The Animal Medicinal Drug Use Clarification Act of 1994 (AMDUCA) (Public Law 103-396) was signed into law on October 22, 1994. It amended the Federal Food, Drug, and Cosmetic Act (the act) to permit licensed veterinarians to prescribe extralabel uses of approved animal and human drugs in animals. In the Federal Register of November 7, 1996 (61 FR 57732), we published the implementing regulations (codified at part 530 (21 CFR part 530)) for AMDUCA. The sections regarding prohibition of extralabel use of drugs in animals are found at sections 530.21, 530.25, and 530.30. These sections describe the basis for issuing an order prohibiting an extralabel drug use in animals and the procedure to be followed in issuing an order of prohibition.

We may issue a prohibition order if we find that extralabel use in animals presents a risk to the public health. Under § 530.3(e), this means that we have evidence that demonstrates that the use of the drug has caused or likely will cause an adverse event.
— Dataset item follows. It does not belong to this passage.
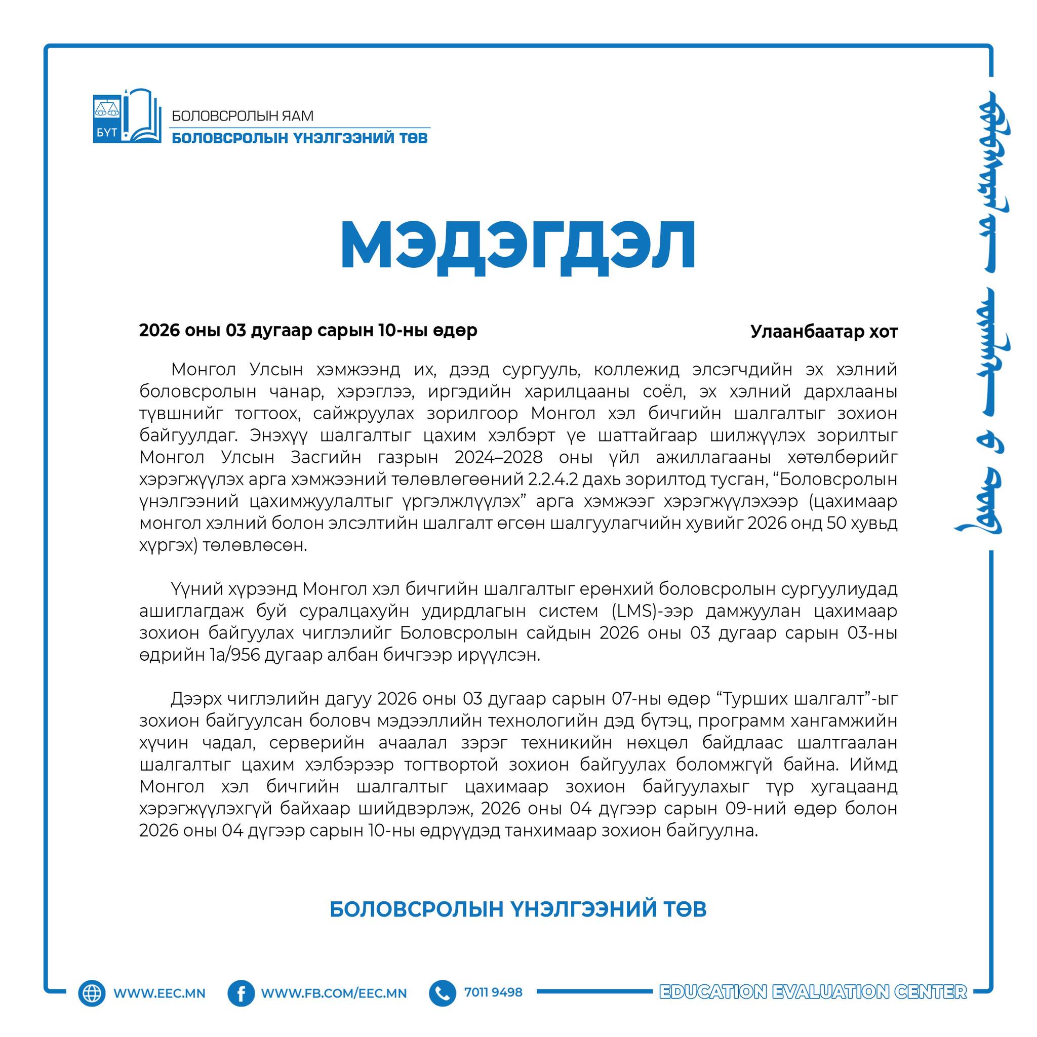 Иймд Монгол хэл бичгийн шалгалтыг цахимаар зохион байгуулах ажлыг түр хугацаанд хэрэгжүүлэхгүй байхаар шийдвэрлэж, 2026 оны дөрөвдүгээр сарын 9, 10-ны өдрүүдэд танхимаар зохион байгуулахаар боллоо.

Section 530.25 provides for a public comment period of not less than 60 days. It also provides that the order of prohibition will become effective 90 days after the date of publication, unless we revoke the order, modify it, or extend the period of public comment. The list of drugs prohibited from extralabel use is found in § 530.41.
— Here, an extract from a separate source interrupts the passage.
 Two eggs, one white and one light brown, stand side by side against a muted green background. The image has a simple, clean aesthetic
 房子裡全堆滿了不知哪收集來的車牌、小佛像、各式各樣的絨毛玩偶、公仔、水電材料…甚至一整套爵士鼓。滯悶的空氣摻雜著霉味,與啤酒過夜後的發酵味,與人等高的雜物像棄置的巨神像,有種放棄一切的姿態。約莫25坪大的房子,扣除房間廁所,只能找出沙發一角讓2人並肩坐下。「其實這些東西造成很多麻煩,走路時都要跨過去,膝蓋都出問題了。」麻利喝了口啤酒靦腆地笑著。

B. Adamantane and Neuraminidase Inhibitor Anti-influenza Drugs

An influenza type A pandemic is a global outbreak of disease that occurs when a new influenza A virus subtype appears or “emerges” in the human population, causes serious illness in people, and then spreads easily from person to person worldwide (Ref. 1). Pandemics are different from seasonal outbreaks or “epidemics” of influenza. Seasonal outbreaks are caused by Start Printed Page 14375subtypes of influenza viruses that already circulate among people. In contrast, pandemics are caused by new subtypes, by subtypes that have never circulated among people, or by subtypes that have not circulated among people for a long time (Ref. 1). Historically, many influenza epidemics in people have originated in birds. The human influenza pandemic of 1918 is thought to have developed in birds (Ref. 2) and the current pandemic threat is coming from an avian influenza outbreak that started by affecting poultry flocks in Southeast Asia (Ref. 3) with subsequent outbreaks detected on other continents (Ref. 4). The influenza A (H5N1 subtype) causing the outbreak in Asia has already demonstrated the ability to transmit zoonotically from birds to people (Ref. 3). Many experts believe the H5N1 subtype of the influenza A virus will eventually be capable of spreading easily from person to person, creating a new pandemic (Ref. 5).
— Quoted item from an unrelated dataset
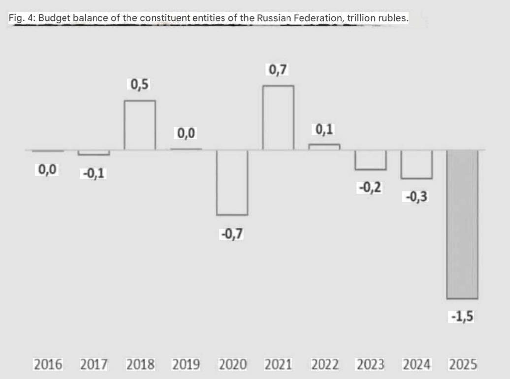>"The picture is sad." A record-breaking “hole” of 1.5 trillion rubles has formed in the budgets of Russian regions>Russian regions ended 2025 with a total local budget deficit of 1.538 trillion rubles, the Russian Ministry of Finance reported. Compared to last year, the “hole” in the budgets of the subjects increased 5 times, compared to 2023 - almost 8 times, and its final size became unprecedented in 20 years of available statistics. The regions set the previous record during the pandemic crisis (677 billion rubles in 2020), but it was doubled.>At the end of the year, revenues to the regions of the key income tax decreased by 8.5%, to 5.278 trillion rubles, and total revenues increased only by 4.8%, to 25.87 trillion rubles. At the same time, expenses increased by 10% and reached 27.408 trillion rubles.>“The picture is very sad,” states economist Natalya Zubarevich. Detailed data is still available for 9 months of last year, and they show that 52 entities had a budget deficit. “The most difficult situation is in the Kemerovo and Vologda regions, where the deficit is 25% (of their own income), in the Arkhangelsk, Murmansk, Tyumen regions (20-22%), in the Irkutsk region and Komi (17-18%),” lists Zubarevich.

The first line of defense for any influenza outbreak in people is vaccination (Ref. 6). Influenza vaccines are among the most important interventions in an influenza epidemic, but are expected to have their optimal effect only if the vaccine is adequately matched to the circulating viral strain. Confronted with a fast moving influenza pandemic, there may not be enough time to characterize the virus, develop a vaccine, distribute it widely, and administer it to enough people to make a difference (Ref. 1). If this situation occurs in the United States, we will become heavily dependent upon our second line of defense, which is the administration of anti-influenza drugs. There are currently four approved antiviral drugs, in two classes, for the treatment or prevention of influenza A in humans. These are the adamantanes (amantadine and rimantadine) and the neuraminidase inhibitors (oseltamivir and zanamivir) (Ref. 7). They are not approved for use in the treatment or prevention of influenza in animals.

Anti-influenza drugs are intended to be administered when appropriate to people that are clinically ill with influenza to reduce the time to improvement of influenza symptoms. In addition, they may be administered to people exposed to influenza, to prevent clinical illness. Although these drugs are not a substitute for vaccination, in selected circumstances they have also been included in outbreak control strategies. To limit the impact of a pandemic influenza outbreak it will be critical that effective antiviral therapies be available for treatment and prophylaxis of disease in humans. For this reason the World Health Organization (WHO) considers these drugs critically important antimicrobials for humans (Ref. 8).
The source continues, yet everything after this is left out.